Erläutere deine Lernbereitschaft!:Da es sich um eine Vollzeitstelle handelt, zeige in deinem Anschreiben, dass du bereit bist, zu lernen und dich weiterzuentwickeln. Sprich über deine Neugier für neue Technologien oder Methoden im Data Science Bereich. Vielleicht hast du auch Kurse besucht oder Zertifikate erworben, die deine Begeisterung zeigen!
Die richtige technische Sprache!:Achte darauf, dass deine Bewerbung alle relevanten technischen Begriffe enthält, die in der Data Science gebräuchlich sind. Nenne spezifische Programmier- und Analysetools wie Python, R oder SQL, die du beherrschst. Dies macht es für die Rekrutierer einfacher, schnell zu erkennen, dass du für die Rolle als Analytics Engineer (Identity) bei Spring Health gut geeignet bist.
Wie man sich auf ein Vorstellungsgespräch bei Spring Health vorbereitet
✨Bereite deine technischen Skills vor
In einem Vorstellungsgespräch für eine Data-Science-Position wird oft dein Wissen über Tools wie Python, R oder SQL getestet. Mach dich mit gängigen Algorithmen und deren Einsatzmöglichkeiten vertraut, denn technische Fragen können schnell kommen. Lass uns sicherstellen, dass du in diesen Bereichen glänzt!
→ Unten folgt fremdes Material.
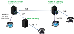 This component that mediates between WebRTC and SIP is referred to as a WebRTC Gateway. Beside connecting different WebRTC applications, a WebRTC gateway also enables the communication between a WebRTC phone and a VoIP or even a PSTN phone. Thereby, a WebRTC gateway extends the scope of WebRTC applications and enables much wider reach and usage scenarios.[2]
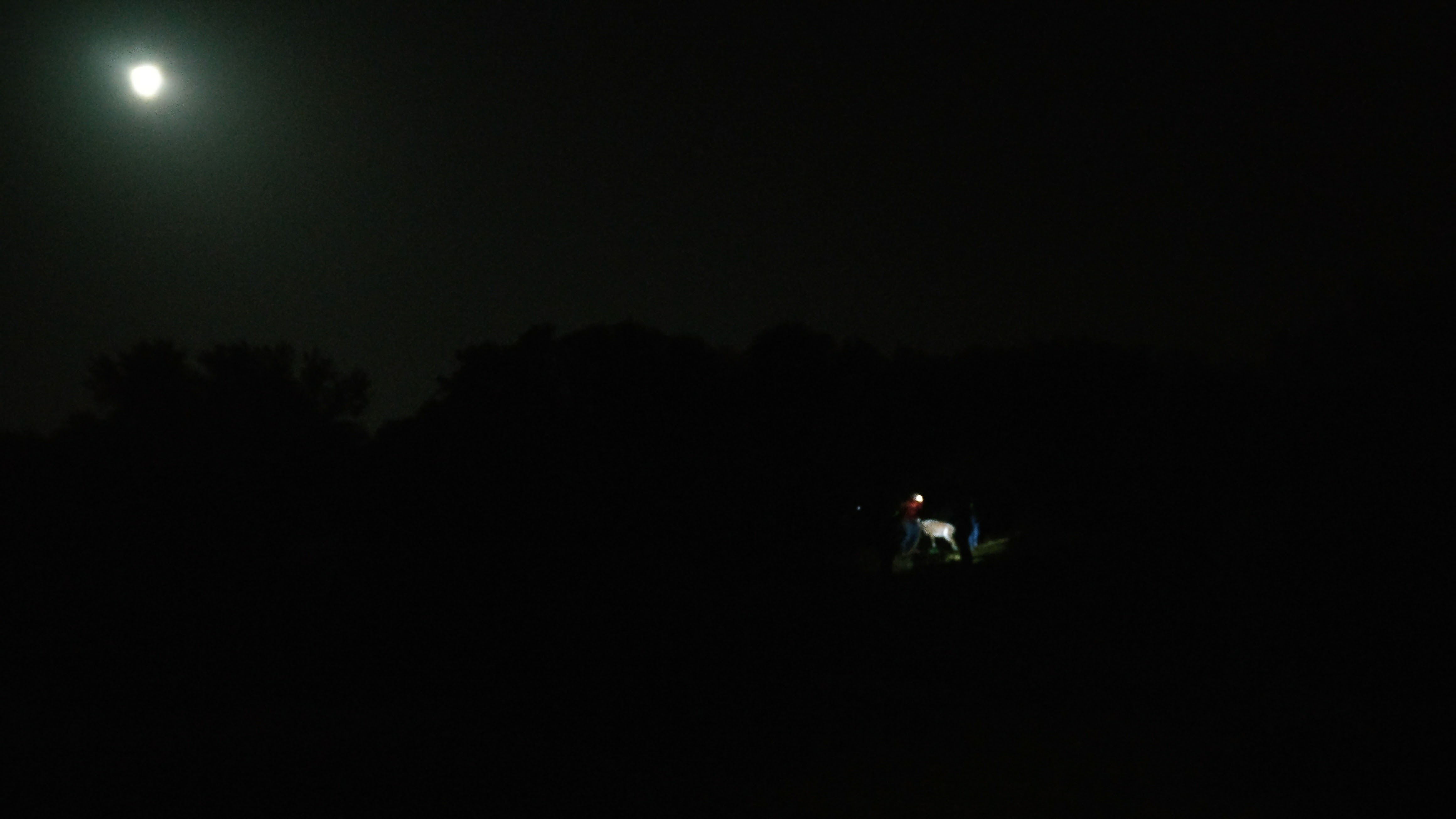 La luna en lo alto y la segunda patrulla anotando los resultados en una de las últimas dianas del recorrido

✨Verschaffe dir einen Überblick über Projekte
Da es sich um eine Vollzeitstelle handelt, ist es wichtig, dass du konkrete Erfahrungen und Projekte vorweisen kannst. Wenn du bereits an Data-Science-Projekten gearbeitet hast, sei bereit, diese in der Tiefe zu erläutern und zu diskutieren, wie du die Probleme gelöst hast. Dein Portfolio kann hier einen echten Unterschied machen!
✨Vorbereitung auf case studies
In Data-Science-Interviews sind case studies und praktische Probleme häufig Teil des Gesprächs. Übe, wie du strukturiert und logisch an solche Aufgaben herangehst. Arbeitgeber möchten sehen, wie du Daten analysierst und Lösungen entwickelst – bring also deine analytischen Fähigkeiten mit!
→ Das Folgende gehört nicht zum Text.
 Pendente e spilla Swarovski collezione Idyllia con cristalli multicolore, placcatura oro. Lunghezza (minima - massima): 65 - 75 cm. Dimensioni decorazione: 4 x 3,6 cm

✨Zeige deine Leidenschaft für Daten
Mehr denn je geht es bei einer Vollzeitstelle darum, dass du nicht nur die Skills hast, sondern auch wirklich für das Feld brennst. Teile Anekdoten oder Erfahrungen, die zeigen, wie du zur Datenwissenschaft gekommen bist und was dich fasziniert. Diese Begeisterung kann für Spring Health entscheidend sein!